Войска рассеялись. Все казармы были взорваны. Всюду бушевал огонь, качались и падали здания.
– Довольно! – кричали снизу. – Довольно! Мы гибнем. Остановитесь! Довольно!
Целые улицы заживо погребенных, с трудом пробиваясь сквозь горы развалин, умоляли о пощаде.
Но новые обвалы вновь хоронили их, убивали, сметали с лица земли.
Весь день и всю ночь шло великое разрушение, а к утру одинокие и усталые взрывы довершили гибель Главного Города.
Так просто и стихийно погиб он. Сложны и многообразны пути гнета – нет предела в них человеческой фантазии – а путь к свободе прост, но горек. Верхнего Города не стало.
Было одно только море тлеющих и горящих развалин, чудовищные груды домов, дворцов, площадей, мостов и улиц, а среди искривленного хаоса железа, камней и дерева – редкие толпы черных, оборванных и окровавленных людей.
Многие из них были ранены, многие умирали, многие плясали, потеряв рассудок, но и раненые, и умирающие, и безумные радостно и громко пели песни в честь яркого восходящего и ослепительно-равнодушного солнца.
1918
Тянулись дни за днями, садилось и всходило солнце, и все так же уныла и страшна, и бесконечна была пустыня. Сохли языки у людей и животных. От ветра и зноя, и горькой суши воспалялись веки. Фиолетовые миражи томили мозг. Вязли ноги в песке, и зябкая боль сковывала члены.
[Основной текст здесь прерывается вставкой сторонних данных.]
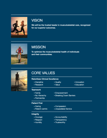 We will be the trusted leader in musculoskeletal care, recognized for our superior outcomes.

И все же народ продвигался. В горячем воздухе пестрели знамена колен и патриархов – красные, зеленые, бело-черные, лазоревые, темно-синие и цвета сапфира, и дымчато-розовые, и цвета хризолита, и смешанных цветов.
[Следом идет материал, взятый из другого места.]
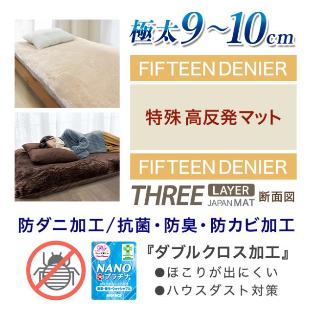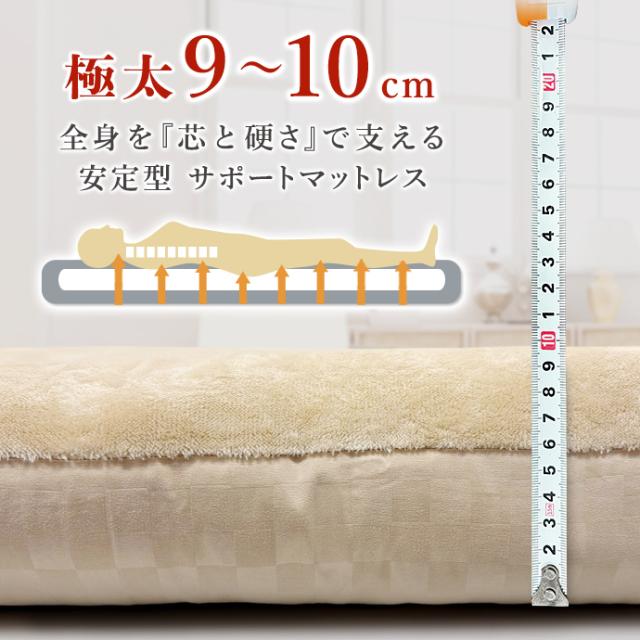 ニオイ対策・防臭/部屋干し臭抑制 日本製 NANO プラチナ® 【Clean Keep 清潔さ長持ち】 ダブルクロス加工をしハウスダスト対策しております。また内生地には防ダニ加工、外生地には抗菌・防臭・防カビ加工をし安心で清潔な衛生加工を施してます。 【低ホルマリン基準クリア】当社の製品は薬剤等を使用しておりますが、身体に害になるような加工は一切しておりません。低ホルマリン基準をクリアした当社の製品は安心してお使いいただけます。 ◆マットレス…増量 【少し硬め】 高反発加工のマットに巻き綿を2重にかさねる事で、重さを1点集中しにくくしました。【国産】 【お取り扱いについて】 こちらの商品は【特殊マット】を使用しております。組成と致しまして、1本1本をストロー状態の極細繊維の綿を特殊工程により、膨らみを持たせ底付き感の軽減を施しております。 また、素材の特性上、特に湿気に弱く、そのまま放置した場合徐々にマットがヘタり底付き感を感じる要因の一つと考えられます。御使用都度のマットレスケアを推奨とさせて頂いております。 尚、一般的なケアと致しましては『陰干し』や『天日干し』等にて湿気をお布団に溜め込まない様にして頂くと少しでも長く御使用を続けていただく事が可能な場合がございます。 |

Стан за станом, отряд за отрядом грозной армией, взбивая пыль и дыша густым дыханием масс, уходил народ из рабства.
Позади оставались трупы уставших. Ночью, пугаясь необъятного чужого неба, выли собаки, жалобно кричали ослы, и только верблюды молча носили облезшие горбы свои, и одиноко и гордо покачивались на тонких шеях некрасивые вещие морды.
После года свободы даже у молодых появились морщины. Глаза стали глубже. Горькие складки легли у губ. Но народ шел, увлекая за собой малодушных, трусливых, привыкших к рабству. Слова Моисея уже казались обычными, знакомыми, но все же поднимали веру. На стоянках в отрядах пели. Молодежь отделялась и плясала, и в заученных, тоже всем знакомых песнях славословила свободу.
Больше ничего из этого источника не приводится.